Popatrzyłem na wzgórze położone kilkaset metrów od nas, potem na towarzysza, po czym pognałem przed siebie, znaleźć jakikolwiek kamień. Gdy w końcu odkopałem jakiś spod śniegu, wróciłem czym prędzej na miejsce i położyłem go przed sobą na ziemi.
- Jak miały na imię? - uśmiechnął się przebiegle ptak.
- Co...? - trochę zbity z tropu położyłem uszy po sobie.
- Te wilki - Mundurek znów usiadł pod drzewem.
- Eeeee... - zaciąłem się, przestając cokolwiek rozumieć.
- Widzisz, mój mały przyjacielu - spojrzał w ziemię - musisz się nauczyć jeszcze jednej rzeczy. Ufać mi w każdej sytuacji. Jeśli mówię, żebyś zapamiętał te imiona, lepiej zrób to następnym razem.
Spuściłem wzrok.
- Może jednak coś sobie przypomnisz?
- Es... - zmrużyłem oczy - igrek dwieście czterdzieści?
- Dalej?
- Drugi to coś tam trzysta siedemdziesiąt... dziewięćdziesiąt! Trzysta dziewięćdziesiąt coś.
- Zet jot trzysta dziewięćdziesiąt dwa.
- Tak, a trzeci... coś siedemdziesiąt coś.
- To z pewnością - mruknął - de siedemdziesiąt. Prawie dobrze. Musisz nauczyć się zapamiętywać szczegóły. Popracujemy nad tym.
- Dobrze, lecz nadal nie rozumiem, co to ma do taktyki - podszedłem do niego z żądaniem wyjaśnienia mi tych kwestii.
- Najpierw powinno się zacząć od ćwiczenia umysłu jako takiego, żeby mieć na czym ćwiczyć - odparł - inaczej nauka taktyki będzie bardziej sprawdzaniem tego, co już umiesz. Ale jeśli tak ci się śpieszy, powiedz mi proszę - pomyślał przez chwilę - taką rzecz... wyobraź sobie, że wieczorową porą wybierasz się na polowanie wraz z, powiedzmy, takim Zawilcem. Wiadomo, nocą wiele zwierząt wychodzi z lasu na otwartą przestrzeń, gdzie łatwiej je złapać. Tego zresztą nie będę cię uczył, masz to w genach. Stoicie na łące nad rzeką, trzydzieści metrów od granicy lasu i tropicie. Nagle od południowej strony, z gąszczu wyskakują dwa dużo większe od was, obce wilki, z wyraźnym zamiarem zaatakowania was. Co robisz?
- To chyba dosyć jasna sytuacja... - zastanowiłem się - powiadasz, wszystko dzieje się wieczorem?
- Tak jest - Mundus z rosnącym zadowoleniem pokiwał głową.
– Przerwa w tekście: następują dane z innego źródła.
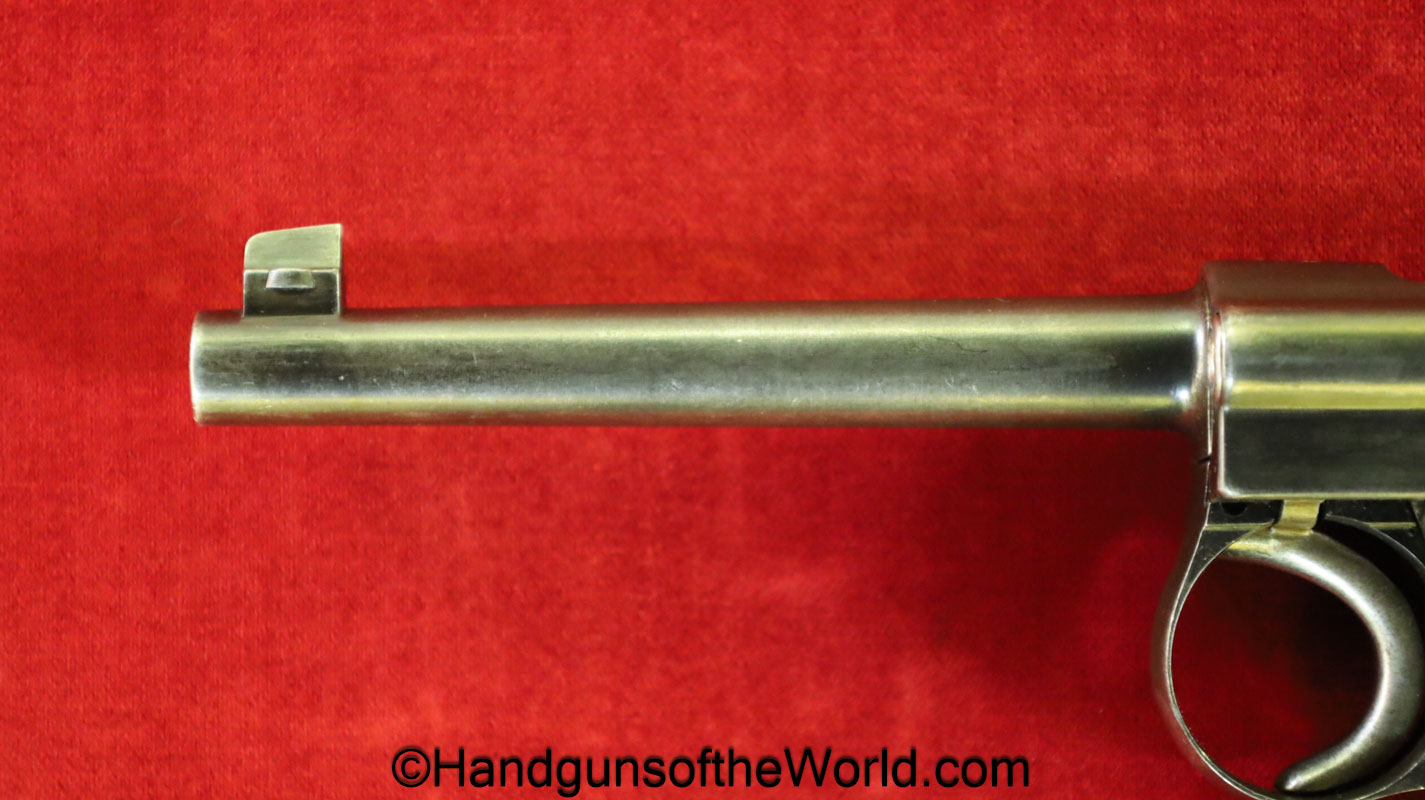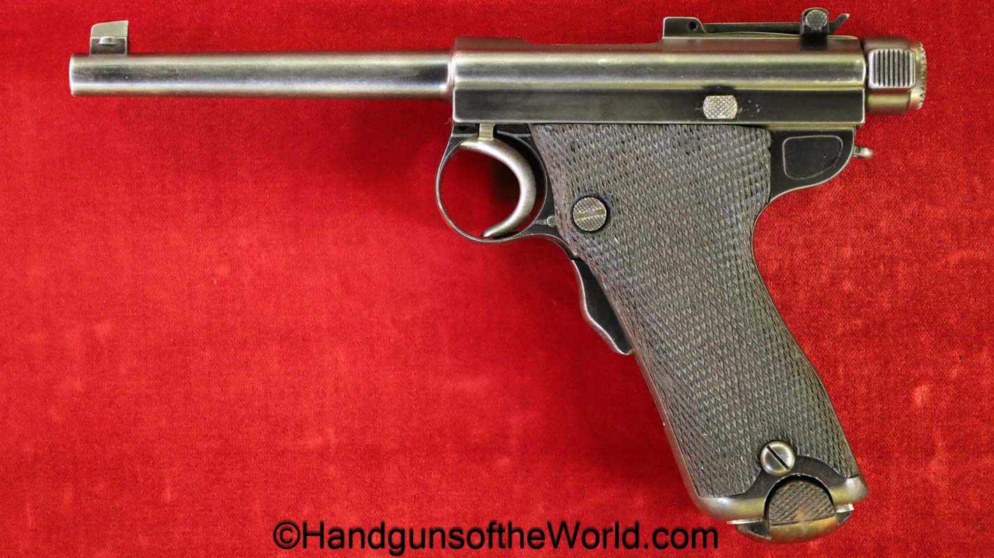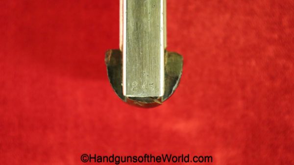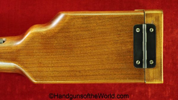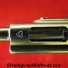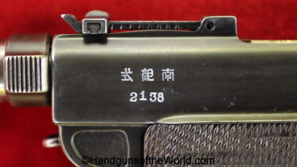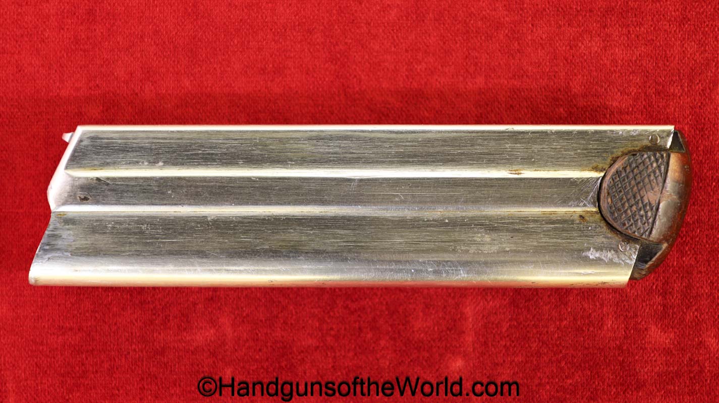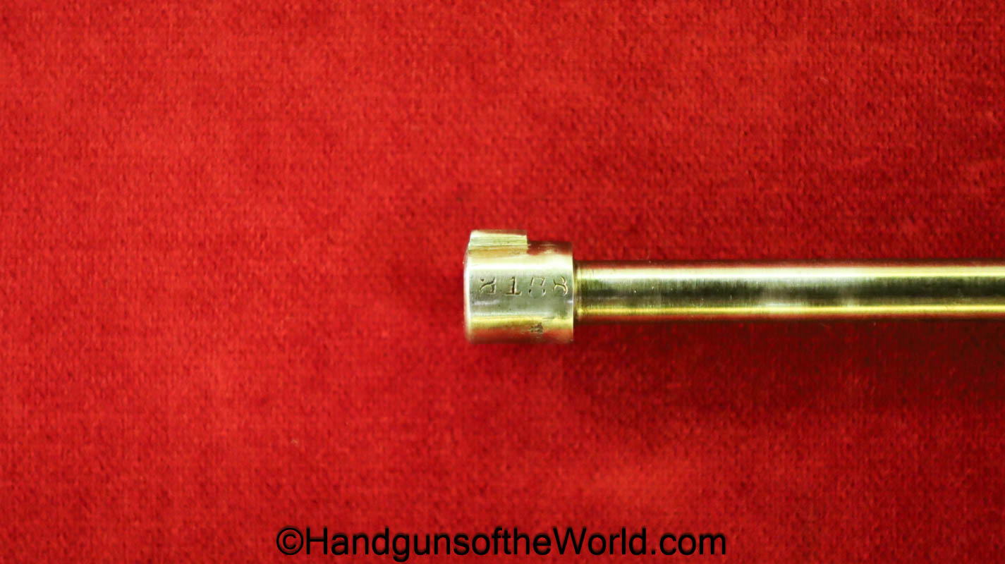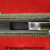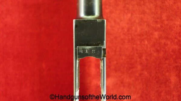 Tokyo Arsenal 1902 Grandpa Nambu, 8mm. This is Japanese Military proofed on the front strap, and has proper checkered walnut grips. This has all matching numbers but for the correct wooden base magazine. This retains about 90% thinning blue and the bore is excellent. There are no importer markings on this one. This comes with a fantastic recreation of the original wooden holster shoulder stock and a cleaning rod.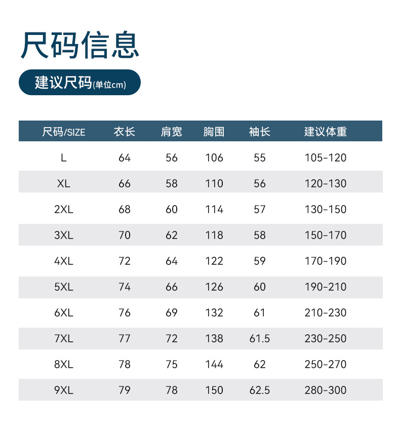 サイズ L,XL,2XL,3XL,4XL,5XL,6XL,7XL,8XL,9XL

- Zatem zostaje tylko jedna droga ucieczki, bo o walce nie można nawet myśleć. Jesteśmy mniejsi i słabsi, nie odkryliśmy też swoich mocy - chyba naprawdę wyczułem tą sytuację. Zastanowiłem się jeszcze przez chwilę, przeanalizowałem wszystkie opcje i odrzekłem - od południa nadciąga zagrożenie. Nie możemy uciekać na północ, bo tam łąka ciągnie się niemal do Skrytego Lasu. Tam nie uciekamy. nie możemy również biec do lasu, na wschód.
- Dlaczego?
- Ponieważ jesteśmy od niego oddaleni o trzydzieści metrów. W takiej sytuacji wyciągamy łapy i prędziutko, nie oglądając się za siebie lecimy do wsi, bo jest stanowczo bliżej.
Mundurek uśmiechnął się i kiwnął głową, czekając na moje dalsze słowa.
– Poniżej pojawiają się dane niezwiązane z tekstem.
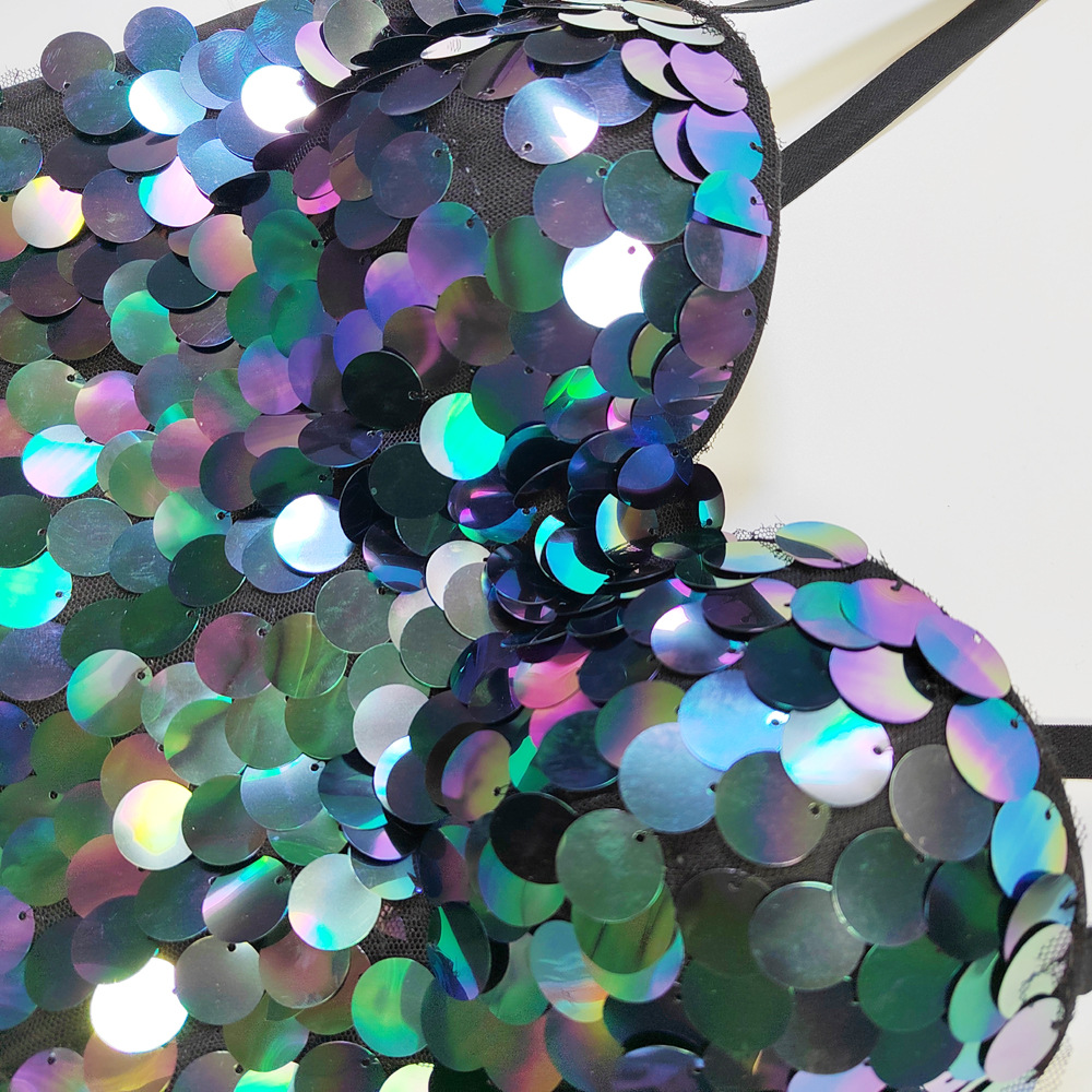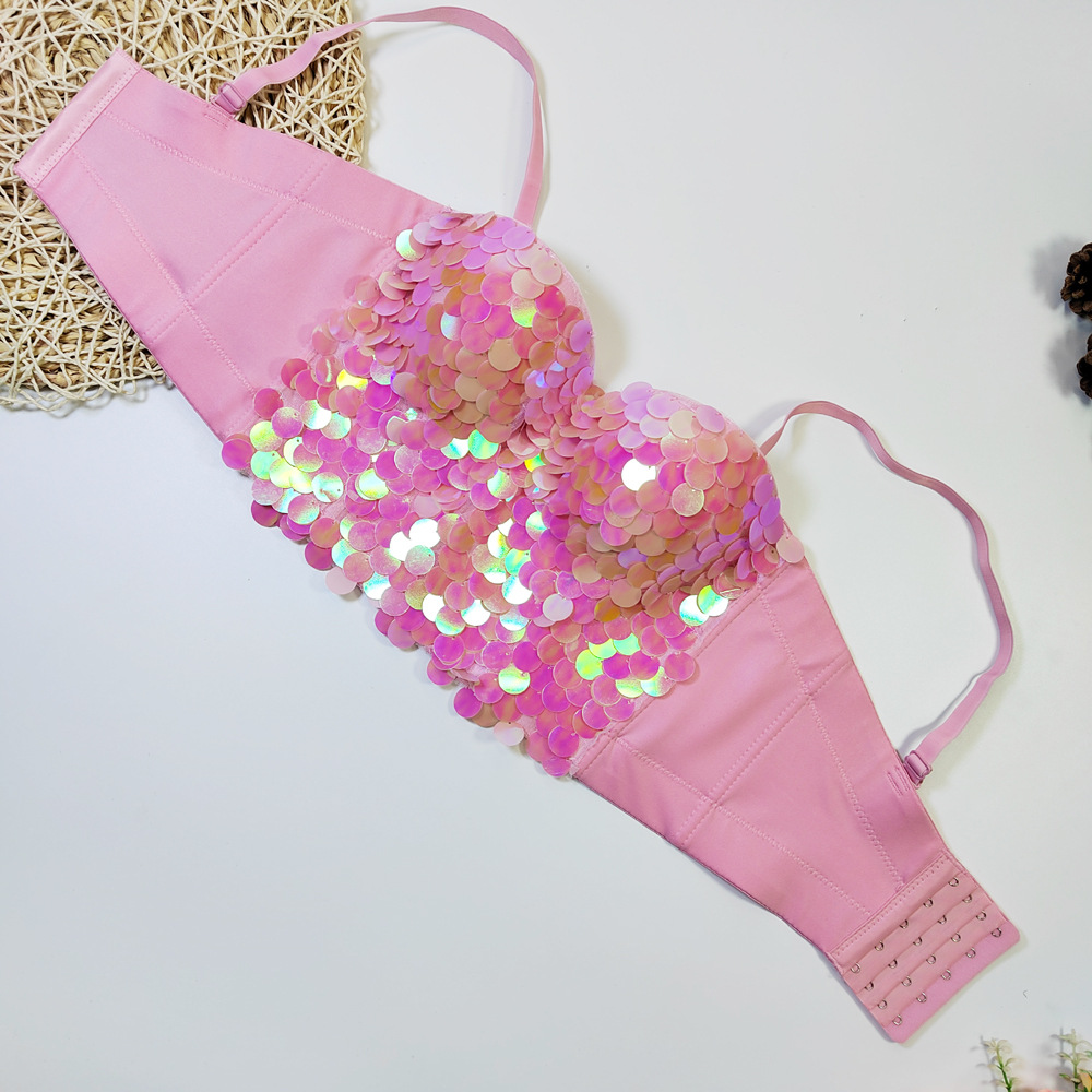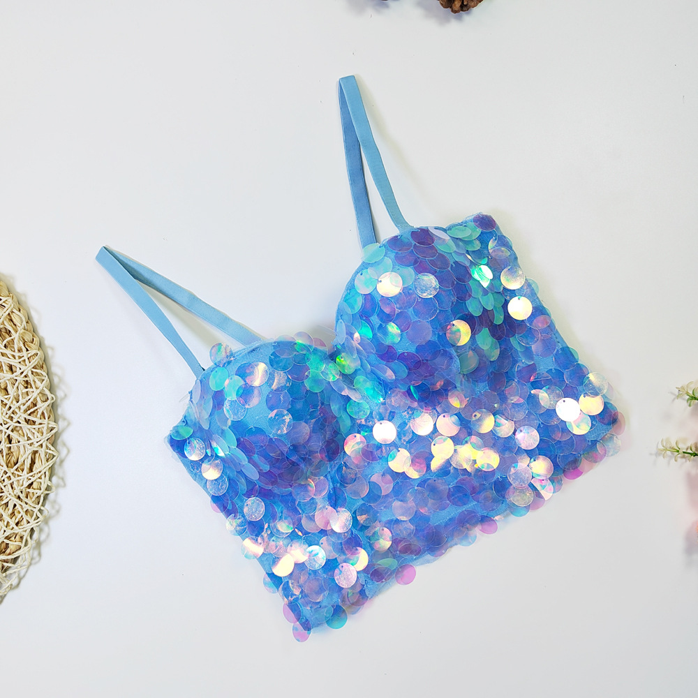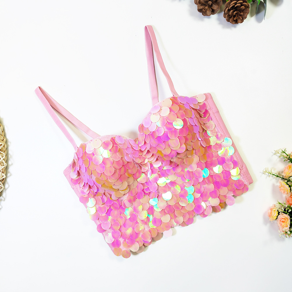 Amazon AliExpress corsé Fishbone sujetador desgaste exterior lentejuelas correa de cuentas coloridas escamas pescado envuelto chaleco pecho

- Jest jeszcze jeden powód - dokończyłem - ogień - popatrzyłem na niego niepewnie.
- Oczywiście, chodzi o ogień.
- Jest wieczór. We wsi pełno jest ognia i światła. Wilki są obce, nie należą do WSC. Boją się ludzi i wszystkiego co od nich pochodzi.
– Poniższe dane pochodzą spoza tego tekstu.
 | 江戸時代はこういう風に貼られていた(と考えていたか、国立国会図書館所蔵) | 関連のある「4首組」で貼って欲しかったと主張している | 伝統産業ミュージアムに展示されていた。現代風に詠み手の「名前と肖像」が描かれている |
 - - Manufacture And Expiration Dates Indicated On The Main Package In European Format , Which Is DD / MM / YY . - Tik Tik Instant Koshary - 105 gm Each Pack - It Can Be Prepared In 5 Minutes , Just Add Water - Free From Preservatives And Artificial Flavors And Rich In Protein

- Masz rację, wygląda na to, że ładnie wszystko przemyślałeś.
- Tak mówisz? - ucieszyłem się.
- Jak najbardziej - westchnął - no i wystarczy. W końcu jesteśmy tu po to, by skupić się na fizycznym rozwoju. Taktyką zajmiemy się później. Teraz wracamy do biegania.